Todos los meses del año son buenos para visitar Dakhla, aunque los meses con mayor viento son los meses que van de marzo a octubre.
El dirham, la moneda de marruecos, hemos cambiado los euros en una agencia bancaria por cada euro 10 dirham, 50 euros 500 dirham. El algunas tiendas admiten euros.
Popular en Dakhla
1. La Duna Blanca
2. Isla del Dragón
3. Playa de Puerto Rico
4. Deportes acuáticos
El Faro de Villa Cisneros (también llamado faro de Dakhla o faro de Arciprés) es un faro situado en el promontorio de Arciprés Grande, cercano a la ciudad de Villa Cisneros, Sahara Occidental. está gestionado por la autoridad portuaria y marítima .
Este faro sustituye al antiguo que databa de aproximadamente 1920. Está compuesto por una torre de hormigón cilíndrica con linterna y galería. Está pintado con bandas horizontales negras.

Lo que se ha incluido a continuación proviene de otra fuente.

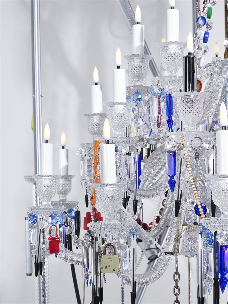 “通过这件新作,巴卡拉天顶系列枝形吊灯化身信使,将当下的碎片携往想象的未来。在那里,‘再利用’成为一种生活方式,由那些曾被我们忽视的物件悄然延续。在重塑这款枝形吊灯的过程中,我既怀念它曾为家庭餐桌带来的喜悦和魔法般的光辉,也构想另一种现实:一个水晶不再可得的世界。在这个奇妙的幻想中,枝形吊灯的主人需以手边任何可用之物,替代那些缺失的部件。于是,那些如今被我们视若无睹的日常用品,骤然变得珍贵无比。可抛弃之物化作珍宝,价值体系悄然更迭。平凡之物蜕变为关怀、记忆与生存的象征。”——— 哈里·努里耶夫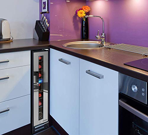 This Vinotemp 7-Bottle Mini Wine Cooler Fridge is another option on the smaller side, but entirely unique. This narrow wine fridge stacks the bottles one on top of another to create its slim shape. A tall thin wine fridge has many advantages. It can be used as a built-in, under the cabinet wine fridge or can be used freestanding. This thin wine fridge fits within tight, narrow spaces making it ideal for smaller apartments.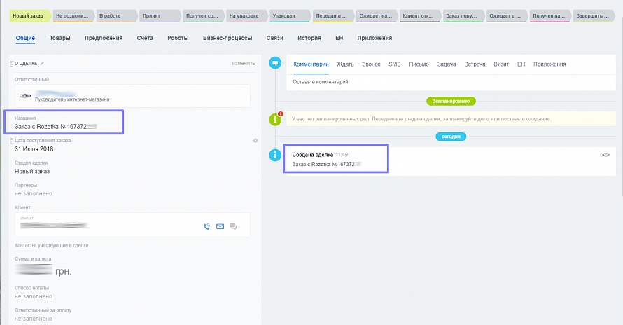 During the integration of Bitrix24 our managers have automated the processes of accepting and processing orders, as well as notifying customers. This made possible to identify the weaknesses of management in the enterprise, which were not initially in the field of view of the customer. The integration of CRM with Rozetka and Nova Poshta logistics platforms was carried out. Our team carried out work on the customization of Kanban for the warehouses: the images of goods were added to product cards, which significantly accelerated the processes of interaction between departments of the enterprise.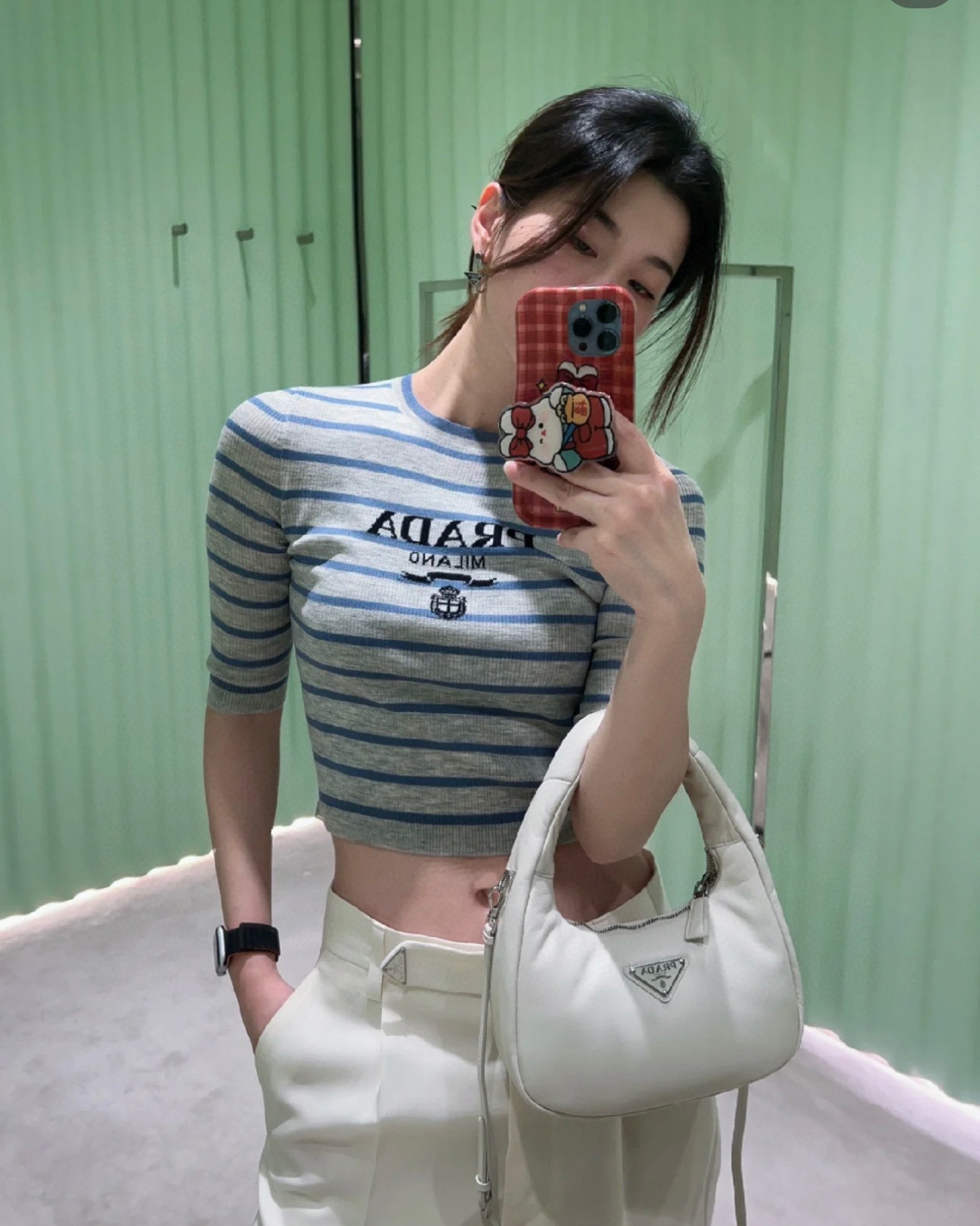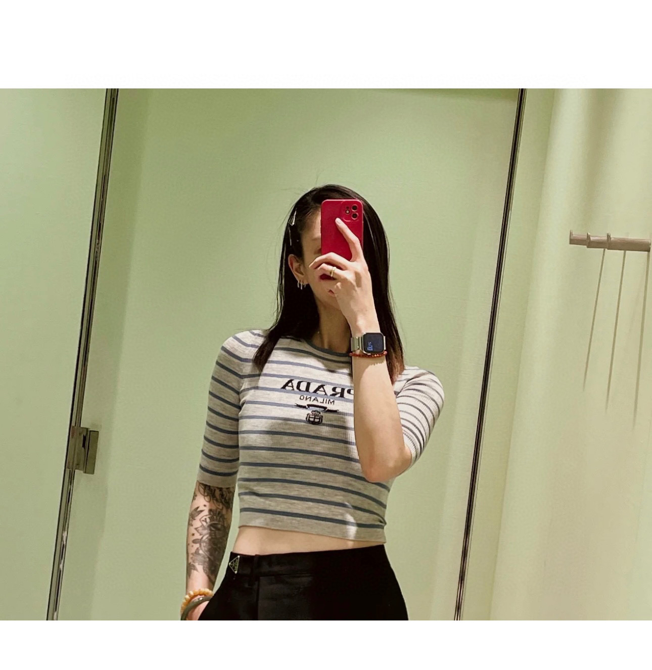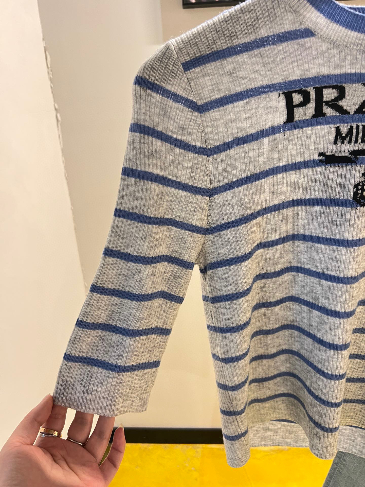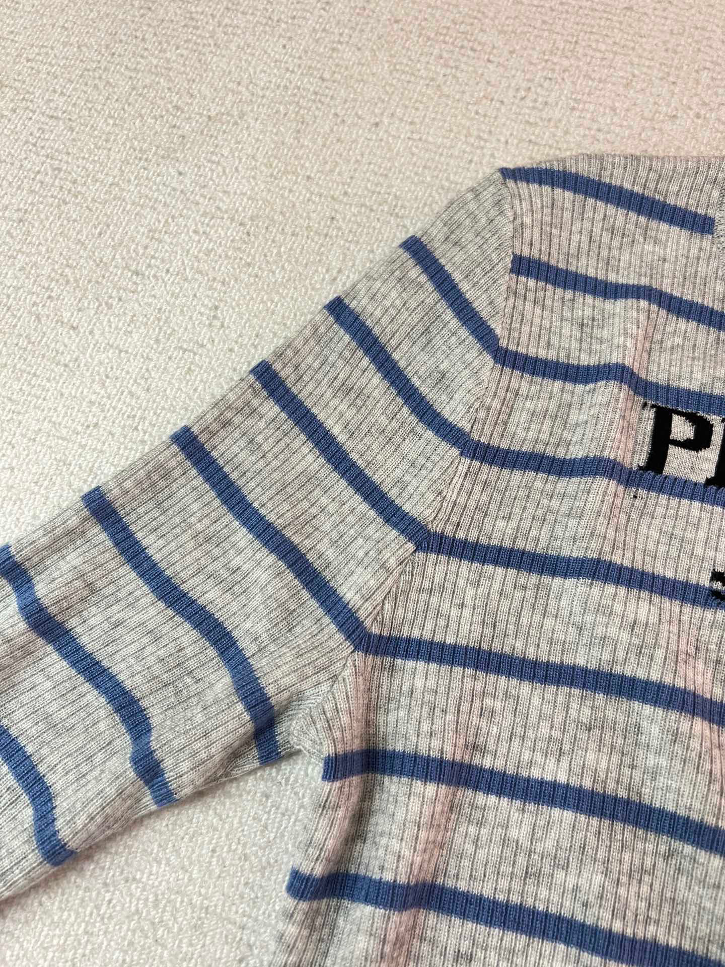 灰蓝条纹针织小上衣,浅浅推荐一下,灰蓝真的的很高级

En los mercados los puestos de vendedores de especias forman un llamativo cuadro de colores: rojo de pimentón, beige de comino, amarillo de cúrcuma, verde de anís, todo de un color envolvente que ya prepara la felicidad. Estos son productos naturales que se presentan en cestas tejidas o tinas de plástico. un festín para los sentidos.

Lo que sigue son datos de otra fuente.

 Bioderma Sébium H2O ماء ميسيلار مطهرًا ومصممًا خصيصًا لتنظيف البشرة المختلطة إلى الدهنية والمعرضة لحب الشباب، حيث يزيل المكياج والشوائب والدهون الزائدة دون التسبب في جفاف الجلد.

Marruecos es un país donde se come, muy rico y variado. Pastilla, cucús, tajín, méchoui, y los pescados. Con sabores y olores llamativos, extrae su originalidad de una sutil mezcla de tradiciones culinarias bereberes, árabe y andalusí. La pastelería marroquí es una delicia.
Dakhla: puerto del desierto, alacena de Europa
Es el epicentro de la actividad pesquera de Marruecos, que acaba exportando casi todos los productos del mar que capturan sus barcos. Las cajas de pescado salen de la bodega la que se accede bajo el puente. Los marineros marroquíes las empujan hacia arriba por la proa mirando al muelle. Son principalmente cajas de sardina y caballa.
La tripulación puede superar las 20 personas, las 76 empresas relacionadas con la actividad en esta región exportan a todo el mundo, pero tienen como mercado principal Europa.
Ha resguardo en la bahía donde está ubicada la ciudad, estas embarcaciones se agolpan unas contra otras en la zona que tienen asignada en un puerto situado a unos 600 metros mar a dentro, al que se accede por un puente.
Regresamos de la visita al puerto, cuya entrada está custodiada por la policía a la cual hemos tenido que mostrar los pasaportes y nuestro conductor tuvo que argumentar lo breve de dicha visita y lo inocente que son tres turistas de nuestra edad.